■ RECORDS SHOWN
::::::
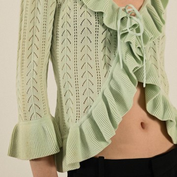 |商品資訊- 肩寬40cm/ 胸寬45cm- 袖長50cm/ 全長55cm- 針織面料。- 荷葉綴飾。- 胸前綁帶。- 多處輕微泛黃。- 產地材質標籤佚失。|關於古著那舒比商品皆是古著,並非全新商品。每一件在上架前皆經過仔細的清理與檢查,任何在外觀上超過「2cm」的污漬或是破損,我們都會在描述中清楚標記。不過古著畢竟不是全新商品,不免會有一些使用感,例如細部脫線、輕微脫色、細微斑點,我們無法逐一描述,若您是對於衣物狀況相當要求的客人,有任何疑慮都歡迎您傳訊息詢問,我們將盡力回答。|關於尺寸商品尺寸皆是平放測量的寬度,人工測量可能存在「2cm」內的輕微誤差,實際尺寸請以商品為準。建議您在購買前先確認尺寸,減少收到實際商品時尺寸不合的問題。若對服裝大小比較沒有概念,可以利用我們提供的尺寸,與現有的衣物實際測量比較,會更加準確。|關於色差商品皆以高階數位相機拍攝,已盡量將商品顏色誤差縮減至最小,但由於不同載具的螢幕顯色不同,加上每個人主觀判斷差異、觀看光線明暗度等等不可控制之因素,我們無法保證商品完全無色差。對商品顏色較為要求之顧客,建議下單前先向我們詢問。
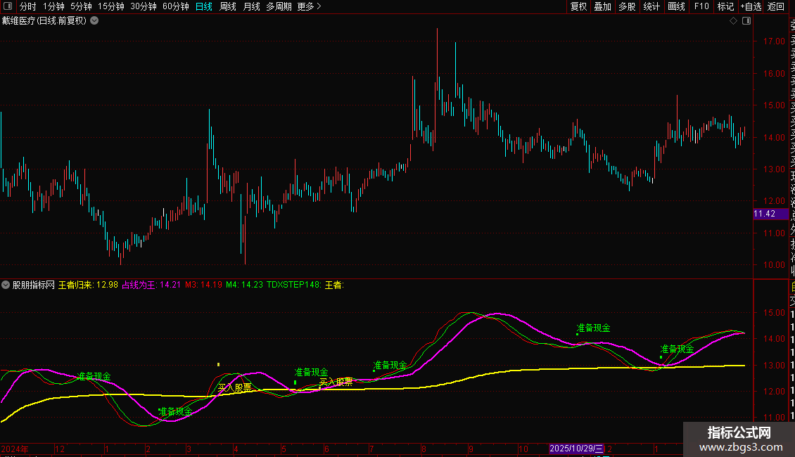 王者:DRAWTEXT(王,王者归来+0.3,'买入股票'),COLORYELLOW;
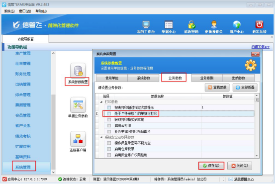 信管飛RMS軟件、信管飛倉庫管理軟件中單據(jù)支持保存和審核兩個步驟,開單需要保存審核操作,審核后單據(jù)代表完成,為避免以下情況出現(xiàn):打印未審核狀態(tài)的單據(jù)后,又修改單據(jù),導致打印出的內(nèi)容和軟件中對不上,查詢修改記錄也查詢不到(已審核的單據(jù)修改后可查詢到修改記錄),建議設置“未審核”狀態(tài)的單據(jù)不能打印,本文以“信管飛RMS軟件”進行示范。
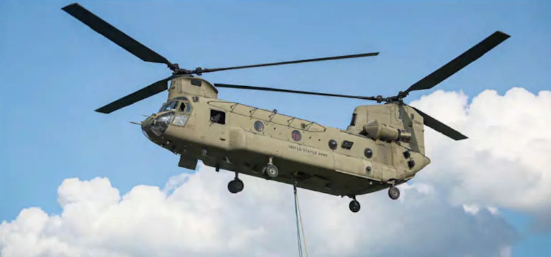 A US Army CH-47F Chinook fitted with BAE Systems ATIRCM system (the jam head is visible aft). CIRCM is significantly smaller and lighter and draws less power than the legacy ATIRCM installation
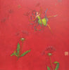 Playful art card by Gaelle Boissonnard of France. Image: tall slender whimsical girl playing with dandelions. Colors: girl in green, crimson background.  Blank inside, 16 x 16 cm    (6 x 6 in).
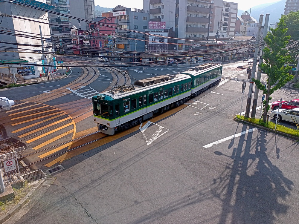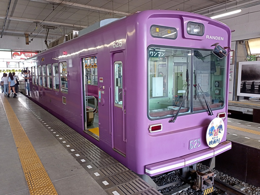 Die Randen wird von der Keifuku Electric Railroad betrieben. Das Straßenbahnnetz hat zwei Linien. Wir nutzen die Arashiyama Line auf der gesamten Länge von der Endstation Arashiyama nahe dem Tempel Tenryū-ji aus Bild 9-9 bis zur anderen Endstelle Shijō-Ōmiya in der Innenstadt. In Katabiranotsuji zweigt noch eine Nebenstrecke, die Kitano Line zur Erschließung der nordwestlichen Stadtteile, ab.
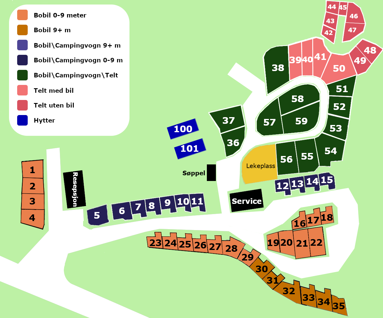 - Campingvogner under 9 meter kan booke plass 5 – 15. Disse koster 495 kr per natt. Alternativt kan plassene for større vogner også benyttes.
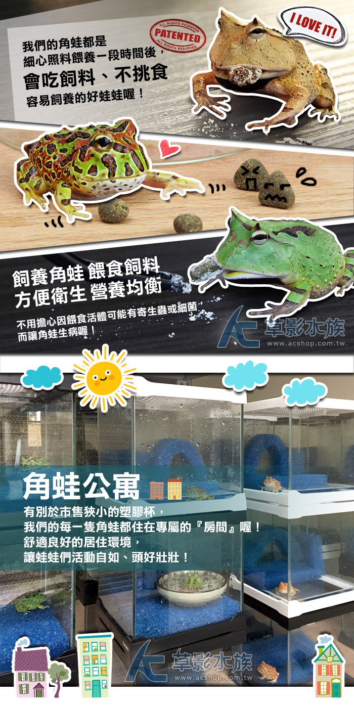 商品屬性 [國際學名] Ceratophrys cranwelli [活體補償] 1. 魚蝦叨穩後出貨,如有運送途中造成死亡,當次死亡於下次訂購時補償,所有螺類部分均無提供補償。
::::::
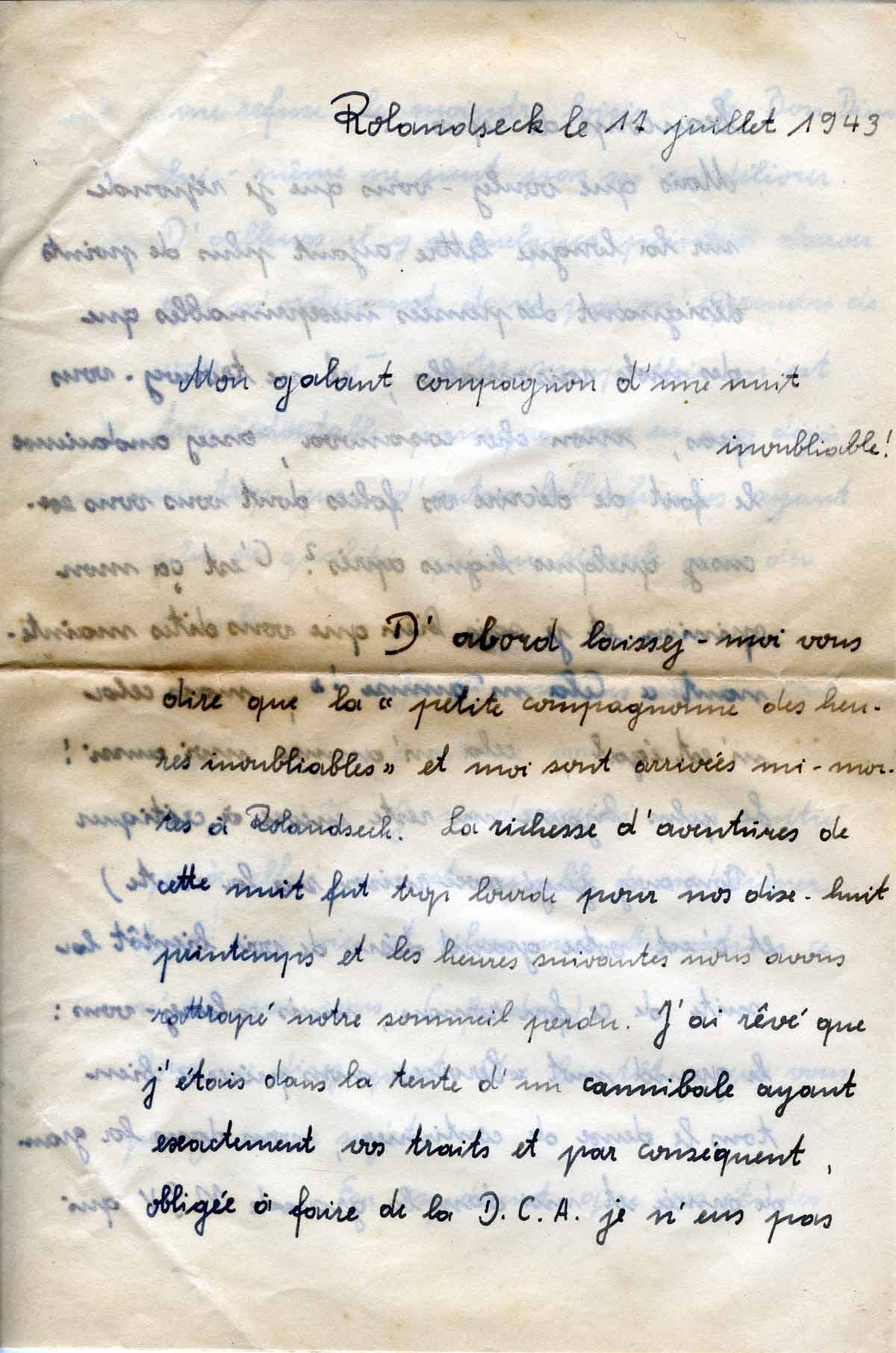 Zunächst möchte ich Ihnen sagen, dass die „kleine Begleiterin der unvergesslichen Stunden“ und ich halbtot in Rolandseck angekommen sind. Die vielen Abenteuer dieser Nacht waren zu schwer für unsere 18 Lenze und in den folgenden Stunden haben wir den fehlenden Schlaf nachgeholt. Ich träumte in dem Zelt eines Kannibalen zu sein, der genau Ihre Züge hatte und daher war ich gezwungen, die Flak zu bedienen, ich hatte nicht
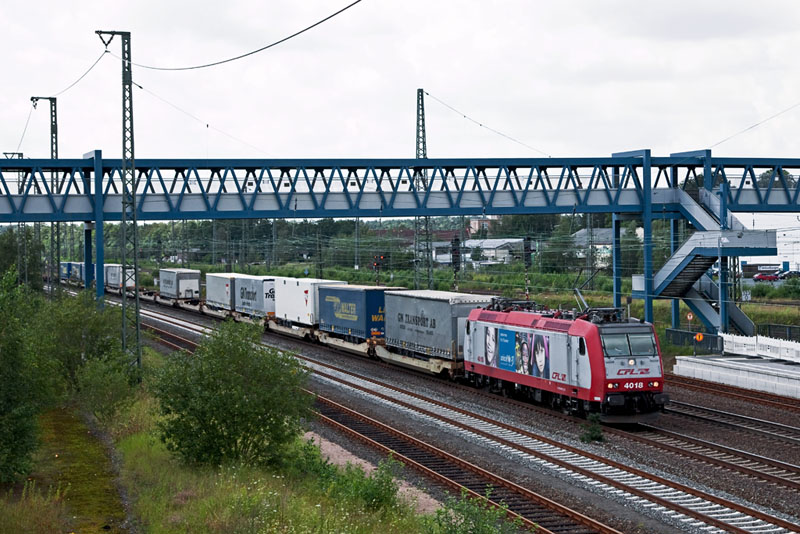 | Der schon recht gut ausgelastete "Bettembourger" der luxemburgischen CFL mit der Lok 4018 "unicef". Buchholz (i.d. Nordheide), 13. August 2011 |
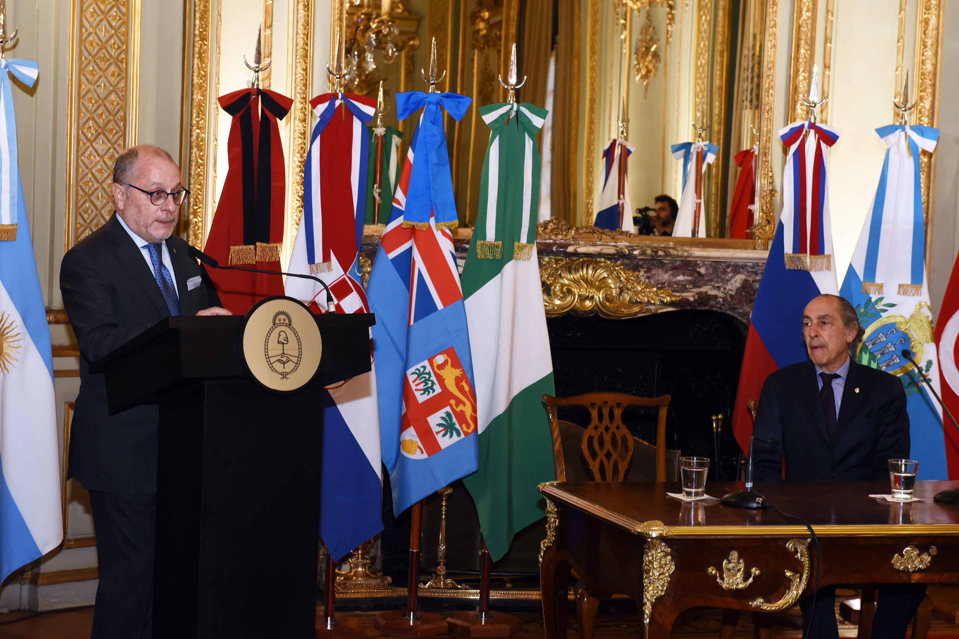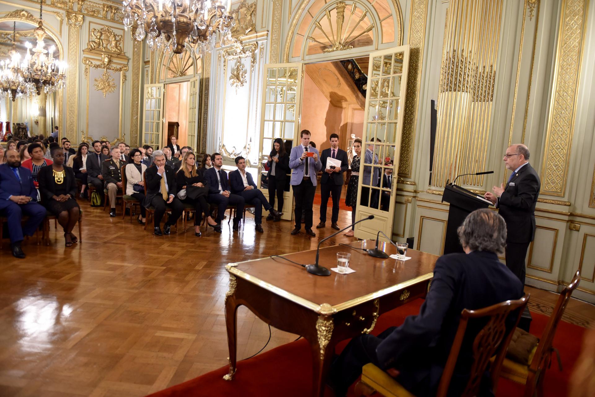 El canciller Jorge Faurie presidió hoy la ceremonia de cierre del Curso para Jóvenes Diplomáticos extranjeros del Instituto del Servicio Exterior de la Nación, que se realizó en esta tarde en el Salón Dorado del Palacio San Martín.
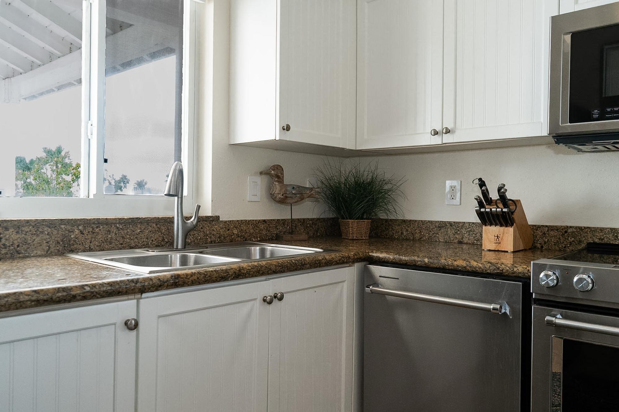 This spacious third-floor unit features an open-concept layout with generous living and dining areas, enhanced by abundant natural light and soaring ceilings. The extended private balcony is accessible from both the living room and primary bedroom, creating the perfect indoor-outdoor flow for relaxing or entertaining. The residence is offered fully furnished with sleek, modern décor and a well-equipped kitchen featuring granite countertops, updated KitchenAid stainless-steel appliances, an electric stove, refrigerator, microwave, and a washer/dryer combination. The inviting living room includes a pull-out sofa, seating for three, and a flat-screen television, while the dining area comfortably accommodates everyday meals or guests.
::::::
■ HOW TO COMPLETE THIS TASK
Using the records above, repeat exactly the run of lines that starts with the line with "肩寬40cm/ 胸寬45cm- 袖長50cm/" and goes on through the line with "王者:DRAWTEXT(王,王者归来+0"; omit each picture.

■ TASK ANSWER
 |商品資訊- 肩寬40cm/ 胸寬45cm- 袖長50cm/ 全長55cm- 針織面料。- 荷葉綴飾。- 胸前綁帶。- 多處輕微泛黃。- 產地材質標籤佚失。|關於古著那舒比商品皆是古著,並非全新商品。每一件在上架前皆經過仔細的清理與檢查,任何在外觀上超過「2cm」的污漬或是破損,我們都會在描述中清楚標記。不過古著畢竟不是全新商品,不免會有一些使用感,例如細部脫線、輕微脫色、細微斑點,我們無法逐一描述,若您是對於衣物狀況相當要求的客人,有任何疑慮都歡迎您傳訊息詢問,我們將盡力回答。|關於尺寸商品尺寸皆是平放測量的寬度,人工測量可能存在「2cm」內的輕微誤差,實際尺寸請以商品為準。建議您在購買前先確認尺寸,減少收到實際商品時尺寸不合的問題。若對服裝大小比較沒有概念,可以利用我們提供的尺寸,與現有的衣物實際測量比較,會更加準確。|關於色差商品皆以高階數位相機拍攝,已盡量將商品顏色誤差縮減至最小,但由於不同載具的螢幕顯色不同,加上每個人主觀判斷差異、觀看光線明暗度等等不可控制之因素,我們無法保證商品完全無色差。對商品顏色較為要求之顧客,建議下單前先向我們詢問。
 王者:DRAWTEXT(王,王者归来+0.3,'买入股票'),COLORYELLOW;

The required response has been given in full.